Ah! happy! if each tear of thine
Could wash a father’s fault away!
Weep—for thy tears are Virtue’s tears—
Auspicious to these suffering isles;
And be each drop, in future years,
Repaid thee by thy people’s smiles.”

The poem refers to an incident which had taken place at Carlton House a few days before, when the Princess Charlotte had burst into tears on learning that her royal father was intending to desert his Whig adherents. No one, apparently, suspected that Byron was the author; but in the second edition of the Corsair (February, 1814) the verses appeared as Lines to a Lady Weeping, publicly avowed by him. His acknowledgment brought upon him a storm of abuse from Tory papers—the Courier, the Morning Post, and the Sun—and a discussion ensued entirely out of proportion to the merit of the epigram which had excited it.154 “How odd,” wrote Byron to Murray, “that eight lines should have given birth, I really think, to eight thousand.”155 It is probable that no single production of Byron’s aroused more hostile comment at the time of its appearance.

Byron’s attitude towards the Regent at this period exposes him to a charge of double-dealing. In June, 1812, three months after the composition of the epigram, he met the Prince at a ball in an interview in which the two men conversed on Scott and his poetry. In relating the talk to Scott, Byron mentions that the Regent’s opinions were conveyed “with a tone and taste which gave me a very high idea of his abilities and accomplishments, which I had hitherto considered as confined to manners, certainly superior to those of any living gentleman.”156 It is probable that Byron was a little flattered by the Prince’s condescension; but his own tactlessness in acknowledging his epigram prevented any further intercourse, and he subsequently became the Regent’s open enemy.

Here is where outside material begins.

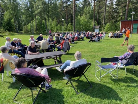 SPF Seniorerna Växjö har haft månadsmötenas våravslutning på VAIS-torpet likt tidigare år. Det var 5:e året som vi var på VAIS-torpet. Dagens aktiviteter hade dagens gäst hälsocoachen Anders Petersson fixat till allas uppskattning. Vi fick pröva på olika aktiviteter såsom steggolf, ”fotbollsrull”, styrketräning med gummiband, sitt/ståövning på tid, , balansgång på lina mm Quiz med kluriga frågor. Allt detta i en lagom promenadslinga. Anders pratade lite kring vikten av att röra på sig och han delade ut priser till tre vinnare i Quizen. Hela dagen underhöll Växjö Dragspelsklubb med trevlig musik. De har också blivit en tradition hos oss på VAIS-torpet. Efter alla aktiviteter var det grillkorv som gällde med Bo Helgé vid grillen. Och slutligen kaffe med kärleksmums. Ordf Christina Boström gladdes med styrelsen att det blev en så lyckad dag och hoppades att vi kan fortsätta med vårterminsavslutning på VAIS-torpet. Vi har ju under flera år haft aktiviteter där i hälsans tecken. Vårt bidrag till förbundets uppmaning att satsa på hälsofrämjande aktiviteter i glad gemenskap. Ordf informerade att datum för höstterminens månadsmöten är nu klara och information kommer att skickas ut till medlemmarna. Första månadsmötet i höst blir den 20 aug i Öjaby församlingshem med en ostkaketräff och trevlig underhållning. Styrelsen

Jeaffreson suggests that Byron’s avowal of the Lines to a Lady Weeping may have been hastened by his sympathy with Leigh Hunt,157 who, with his brother, John Hunt, had been tried for a libel on the Regent printed in their Examiner for March 12, 1812, and sentenced to two years’ imprisonment and a fine of 500 pounds. Byron saw a kindred spirit in Hunt, and, after meeting him in prison in May, 1813, became his close friend. Hunt, on his part, stood by Byron in his Examiner at the time of the latter’s separation from his wife, and dedicated to him his Rimini (1816). Byron, after the unfortunate circumstances connected with The Liberal, modified his lofty opinion of Hunt; but in 1813 the latter was, to Moore and Byron, simply a martyr to liberal principles, a man who had been unjustly persecuted and condemned.158 There is, however, no evidence to justify Jeaffreson’s conclusion.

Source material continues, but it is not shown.